Prescription pain killers are also commonly used because they’re easy for teens to obtain. These are addictive and often lead to overdoses. Many people who abuse prescription pain killers will move to more dangerous drugs eventually.

“Every teenager wants to break the rules and try new things, so drinking alcohol is a huge problem in high school,” Tom said. “People also do stupid things while under the influence all the time, like fighting or drunk driving.”

The BHSA said, “5.1 million young people reported binge drinking at least once in the last month, and 11 percent of all alcohol consumed in the United States is consumed by people age 11-20.” The effects of binge drinking are hard-hitting and long-lasting.

The BHSA said, “The younger a person starts using alcohol, the more likely an addiction will develop. The hippocampus, the brain region critical for forming new memories, is particularly affected by alcohol use during adolescence.”

Teenagers who drank on a regular basis scored drastically lower than non-drinkers on vocabulary, general information, and memory tests. These mental effects can last a person’s entire life.

Drugs and alcohol can affect teens who don’t even abuse them. Bill said, “I lost some friends because of drugs.”

Bill said that some of his friends started drinking and using illegal drugs, but he wanted no part in it. “I just told them no,” Bill said. “They just stopped hanging out with me because I wasn’t doing the same things as them. The people who pressure you the most to do things you don’t want to do aren’t really your friends.”

Teens use drugs and alcohol for many reasons besides peer pressure. School nurse Ms. Christie Mabrey said, “I spent a lot of time working in rehab centers as a nurse, and seeing the affects that drugs can have on people really stuck with me.” Ms. Mabrey also raised three sons, so she has insight into the minds of teens.

“Peer pressure definitely plays a big part in why teens abuse drugs,” Ms. Mabrey said, “but there’s a lot more to it. Our society puts a lot of focus onto physical health, but it doesn’t really talk about mental health.

Ms.
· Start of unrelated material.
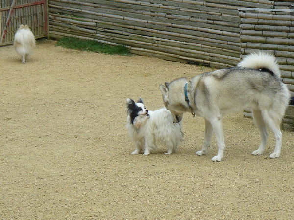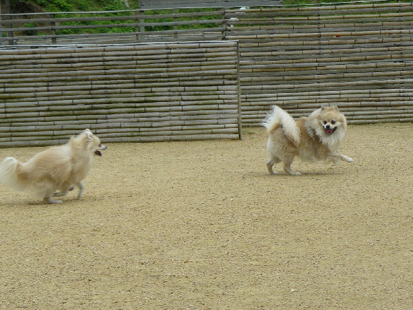 お初なワンコや大型犬が多かったので、場に慣らす為にリードをつけて一周してから自由にさせました。

Mabrey said that many drug abusers are trying to treat anxiety or depression. “Everybody has some emotional pain, and some people choose to treat that pain with drugs. Those are the people that become addicts,” Ms. Mabrey said.

Ms. Mabrey said that drugs and alcohol create a temporary euphoria, but causes users to delve deeper into anxiety or depression after the high is over.

“A big reason why teens succumb to peer pressure so often is because they want to have friends,” Ms. Mabrey said. “Loneliness can be absolutely debilitating.”

Loneliness causes higher levels of stress and sleep deprivation. Lonely people are also much more likely to commit suicide and to develop addiction to drugs or alcohol according to the U.S. National Library of Medicine and the National Institute of Health. There are many ways to avoid peer pressure. George said, “People try to get me to do stuff all the time at parties. I’m not interested in drugs or any of that. Peer pressure just doesn’t work on me.

“I have an interest in what’s best for me, and I think that’s really important,” George said, “I don’t try to make anybody else happy by doing what they ask me to do.

“I think a lot of people succumb to peer pressure because they think that people won’t be friends with them if they say no to drugs,” George said, “but something that’s really important to realize is that your true friends never ask you to do something that you’re uncomfortable with.”

George said that your real friends will be the ones who try to make you a better person, not the ones who ask you to drink. “Peer pressure will go away once you find your real friends,” George said. “Instead of them pressuring you, they’ll try and get you to do the right thing. The people that are asking you to drink aren’t your friends. They don’t have your best interest at heart.”